*** Opening Material for this task ***
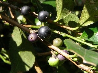 【左】ヒサカキの果実です。緑→白→紫→黒に変わります。
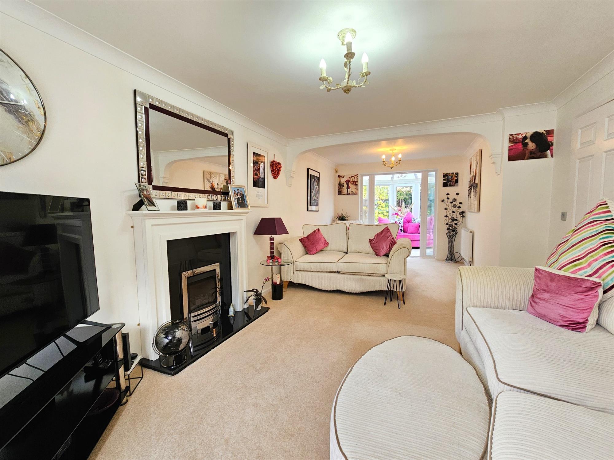 Smooth plastered ceiling, large bay window to front aspect. Gas coal effect fire in granite surround and hearth. Two Radiators. French doors leading to conservatory.
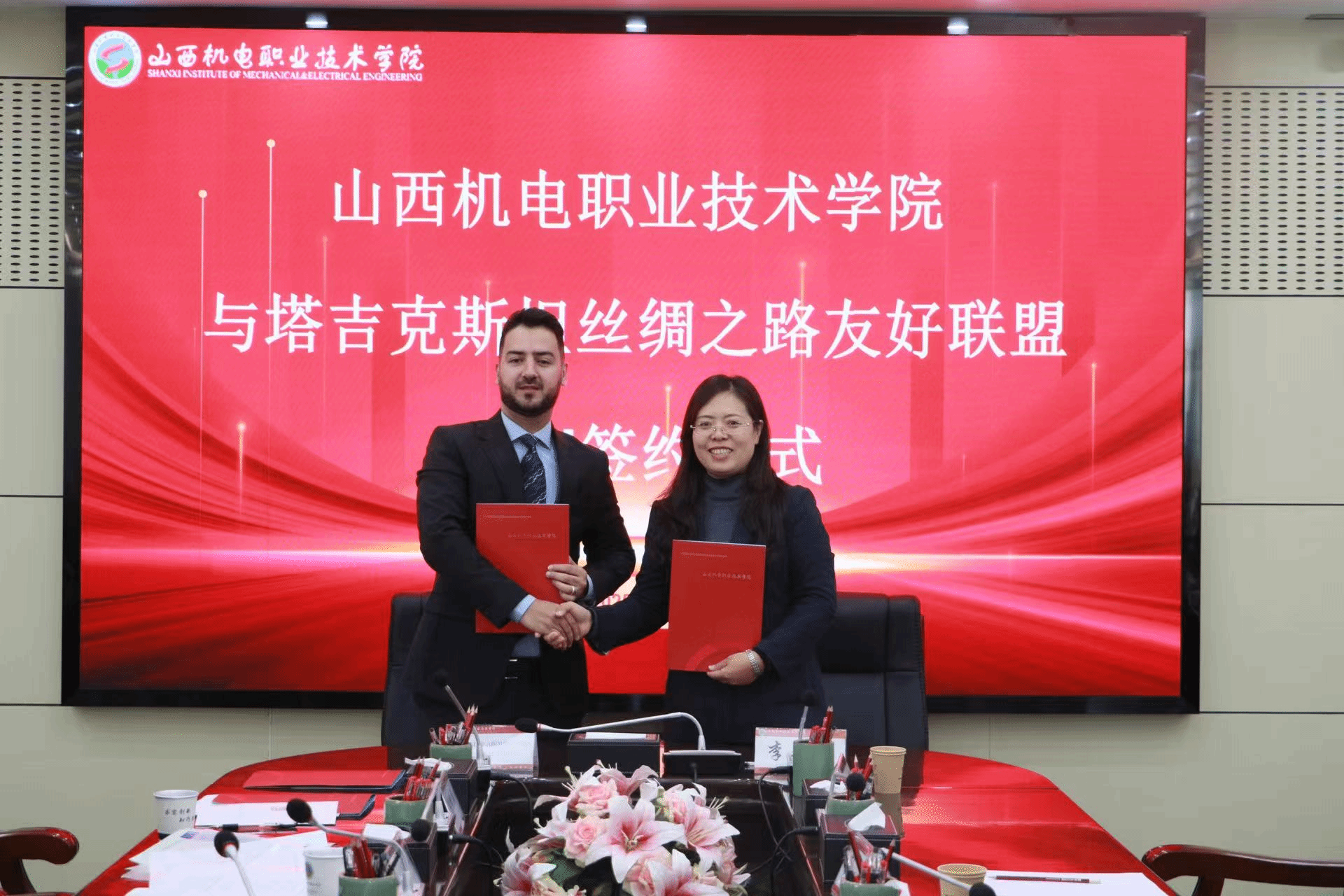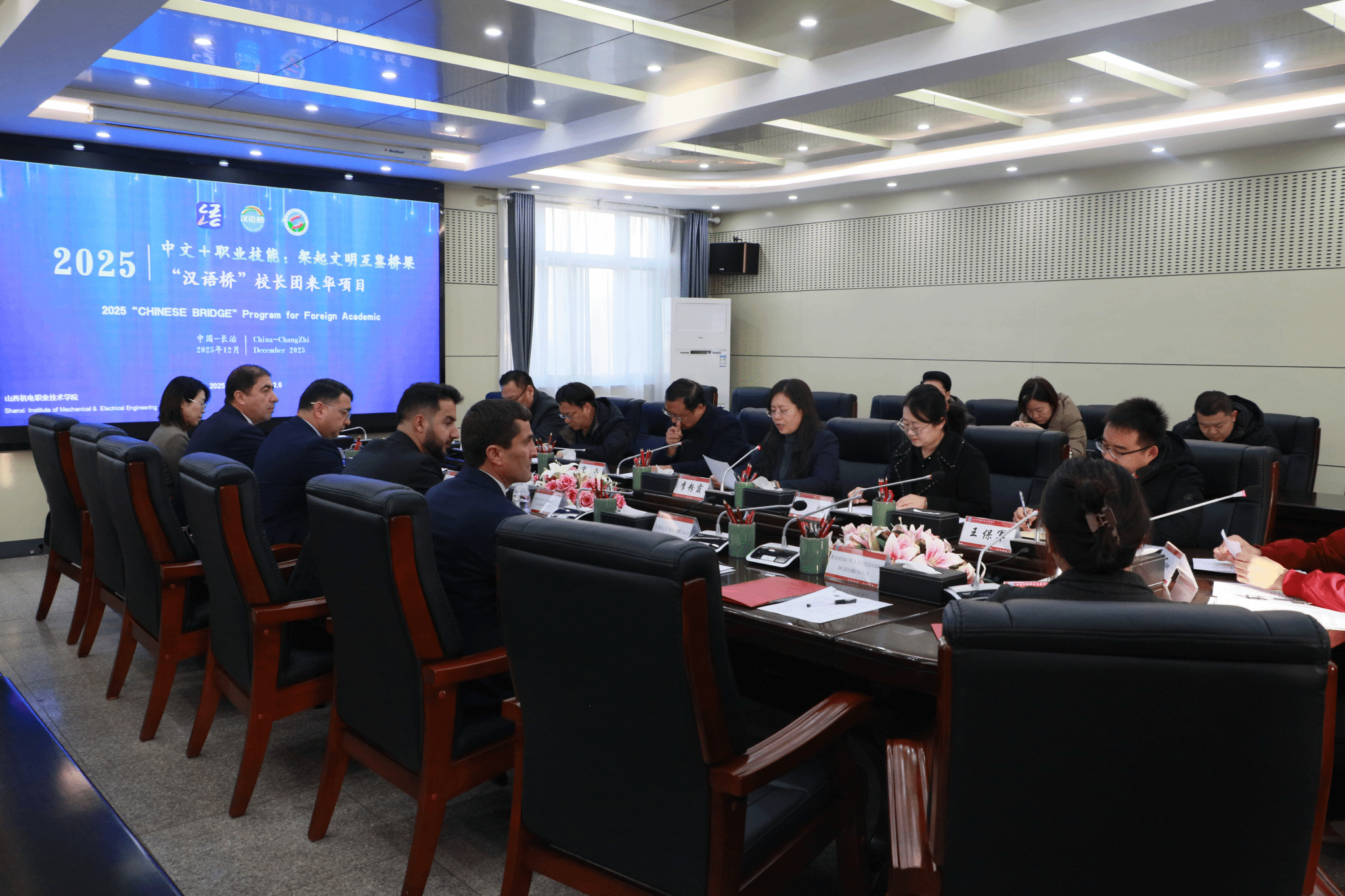 12月5日上午,“汉语桥”来华伙伴计划职业教育合作交流会议在我院举行。学院党委书记宋志平,党委委员、副院长李粉霞以及相关系部主任等人与塔吉克斯坦校长团围绕职业教育发展、境外办学、课程共建、师生互访等议题展开对话,双方签署了MoU,表示将深入探索未来合作路径。会后,代表团参与了工业机器人现场编程、中国传统文化互动体验活动。
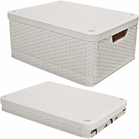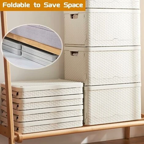 - 【Matériau de Haute Qualité】 : Les boite de rangement sont fabriqués en plastique solide et inodore (PP) et ont un design tissé, qui sont robustes et durables. Si jamais la boîte est sale, vous pouvez la laver ou l’essuyer avec un chiffon humide. dimensions : environ 43, 8 x 33 x 24.5 cm (Longueur x Largeur x Hauteur), dimensions plié : environ 43, 8 x 33 x 7 cm (Longueur x Largeur x Hauteur).
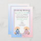 Nada é mais especial do que o anúncio de gêmeos. Estes convites para bebês gêmeos desenhados para um menino e meninas são perfeitos para os novos pais esperados. Personalize e personalize com os nomes dos pais, data e local do chá. Projetado em cor-de-rosa e azul pastel com bebês em pijamas e binkies. Também pode ser personalizado como um convite de revelação de chá de fraldas.
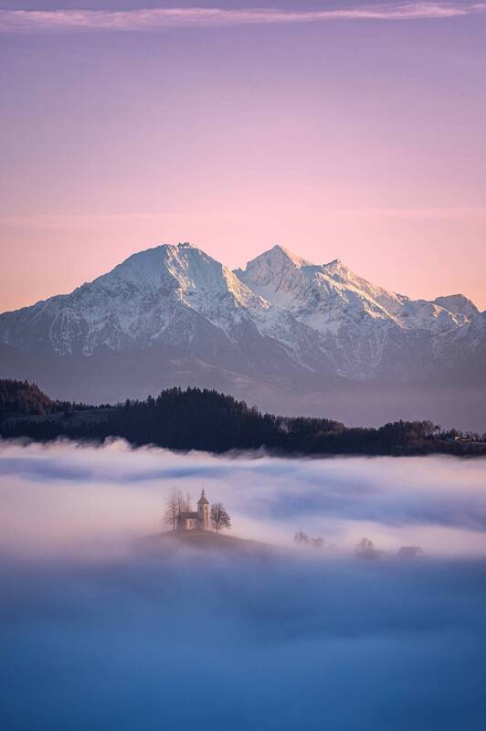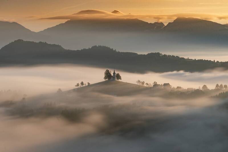 As the first rays of dawn grace the earth, they cast a warm, golden hue upon the tranquil scene of a church nestled atop a gentle hill. Captured in the embrace of morning mist, the layers of fog create an ethereal backdrop, adding depth and mystery to the landscape.
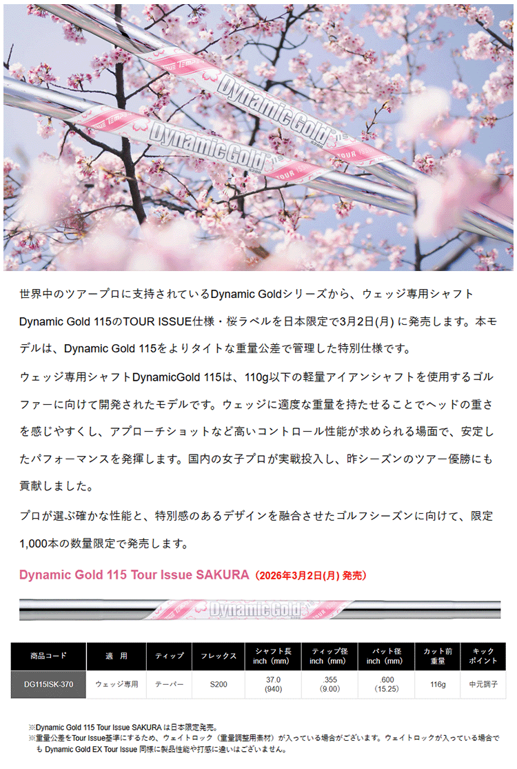 ウェッジ専用シャフトDynamicGold 115は、110g以下の軽量アイアンシャフトを使用するゴルファーに向けて開発されたモデルです。ウェッジに適度な重量を持たせることでヘッドの重さを感じやすくし、アプローチショットなど高いコントロール性能が求められる場面で、安定したパフォーマンスを発揮します。国内の女子プロが実戦投入し、昨シーズンのツアー優勝にも貢献しました。プロが選ぶ確かな性能と、特別感のあるデザインを融合させたゴルフシーズンに向けて、限定1,000本の数量限定で発売します。
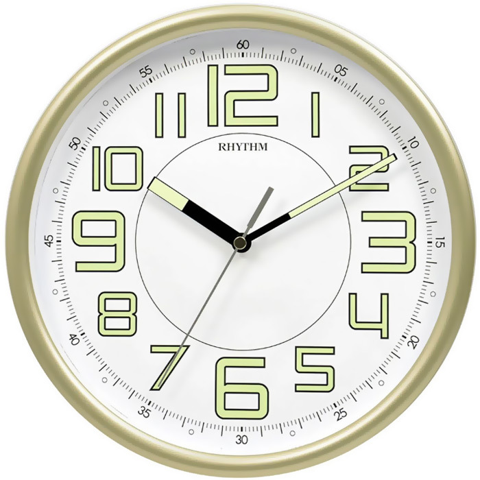 Кварцевые настенные часы Rhythm CCMG596NR18. Данная модель работает от батарейки типа R6(AA) x 1 шт. (входит в комплект). Максимально допустимая погрешность точности хода +30/-30 секунд в месяц. Светящийся в темноте цифры. Ход секундной стрелки — плавный (бесшумный).
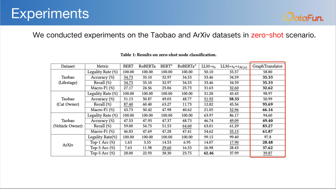 在淘宝和 ArXiv 数据集上进行了零样本场景下的实验,可以看到 GraphTranslor 有着显著的提升。
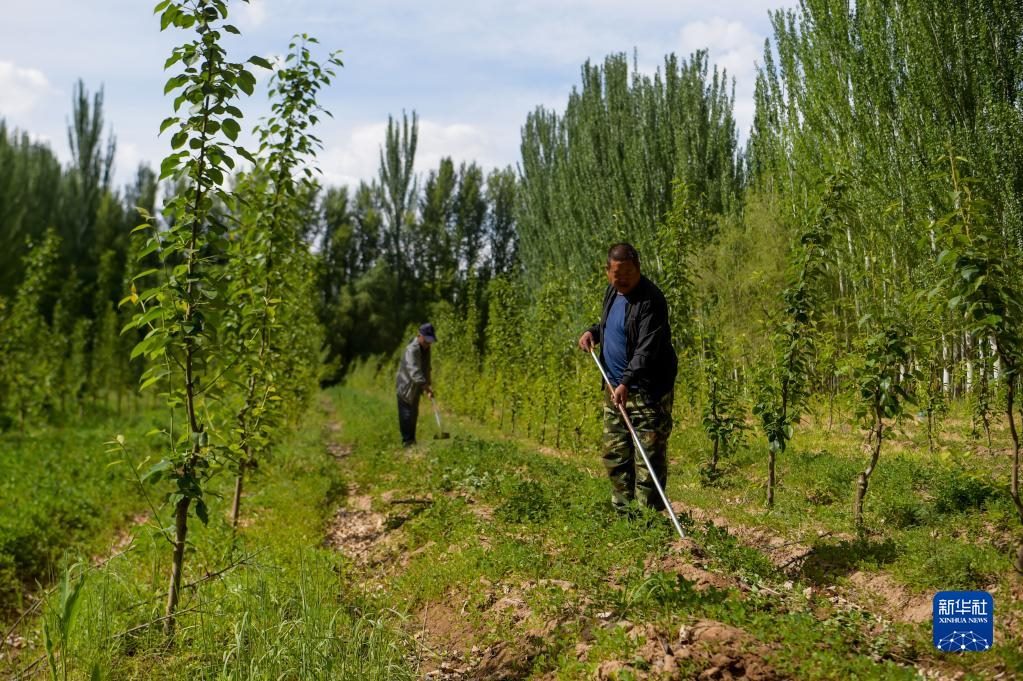 6月5日,臨河區(qū)國營新華林場工人在管護(hù)林木。新華社記者 李志鵬 攝
*** Closing Material for this task ***
* What is needed:
The reply must hold each line of the records verbatim and no pictures.

* Exercise solution:
 【左】ヒサカキの果実です。緑→白→紫→黒に変わります。
 Smooth plastered ceiling, large bay window to front aspect. Gas coal effect fire in granite surround and hearth. Two Radiators. French doors leading to conservatory.
 12月5日上午,“汉语桥”来华伙伴计划职业教育合作交流会议在我院举行。学院党委书记宋志平,党委委员、副院长李粉霞以及相关系部主任等人与塔吉克斯坦校长团围绕职业教育发展、境外办学、课程共建、师生互访等议题展开对话,双方签署了MoU,表示将深入探索未来合作路径。会后,代表团参与了工业机器人现场编程、中国传统文化互动体验活动。
 - 【Matériau de Haute Qualité】 : Les boite de rangement sont fabriqués en plastique solide et inodore (PP) et ont un design tissé, qui sont robustes et durables. Si jamais la boîte est sale, vous pouvez la laver ou l’essuyer avec un chiffon humide. dimensions : environ 43, 8 x 33 x 24.5 cm (Longueur x Largeur x Hauteur), dimensions plié : environ 43, 8 x 33 x 7 cm (Longueur x Largeur x Hauteur).
 Nada é mais especial do que o anúncio de gêmeos. Estes convites para bebês gêmeos desenhados para um menino e meninas são perfeitos para os novos pais esperados. Personalize e personalize com os nomes dos pais, data e local do chá. Projetado em cor-de-rosa e azul pastel com bebês em pijamas e binkies. Também pode ser personalizado como um convite de revelação de chá de fraldas.
 As the first rays of dawn grace the earth, they cast a warm, golden hue upon the tranquil scene of a church nestled atop a gentle hill. Captured in the embrace of morning mist, the layers of fog create an ethereal backdrop, adding depth and mystery to the landscape.
 ウェッジ専用シャフトDynamicGold 115は、110g以下の軽量アイアンシャフトを使用するゴルファーに向けて開発されたモデルです。ウェッジに適度な重量を持たせることでヘッドの重さを感じやすくし、アプローチショットなど高いコントロール性能が求められる場面で、安定したパフォーマンスを発揮します。国内の女子プロが実戦投入し、昨シーズンのツアー優勝にも貢献しました。プロが選ぶ確かな性能と、特別感のあるデザインを融合させたゴルフシーズンに向けて、限定1,000本の数量限定で発売します。
 Кварцевые настенные часы Rhythm CCMG596NR18. Данная модель работает от батарейки типа R6(AA) x 1 шт. (входит в комплект). Максимально допустимая погрешность точности хода +30/-30 секунд в месяц. Светящийся в темноте цифры. Ход секундной стрелки — плавный (бесшумный).
 在淘宝和 ArXiv 数据集上进行了零样本场景下的实验,可以看到 GraphTranslor 有着显著的提升。
 6月5日,臨河區(qū)國營新華林場工人在管護(hù)林木。新華社記者 李志鵬 攝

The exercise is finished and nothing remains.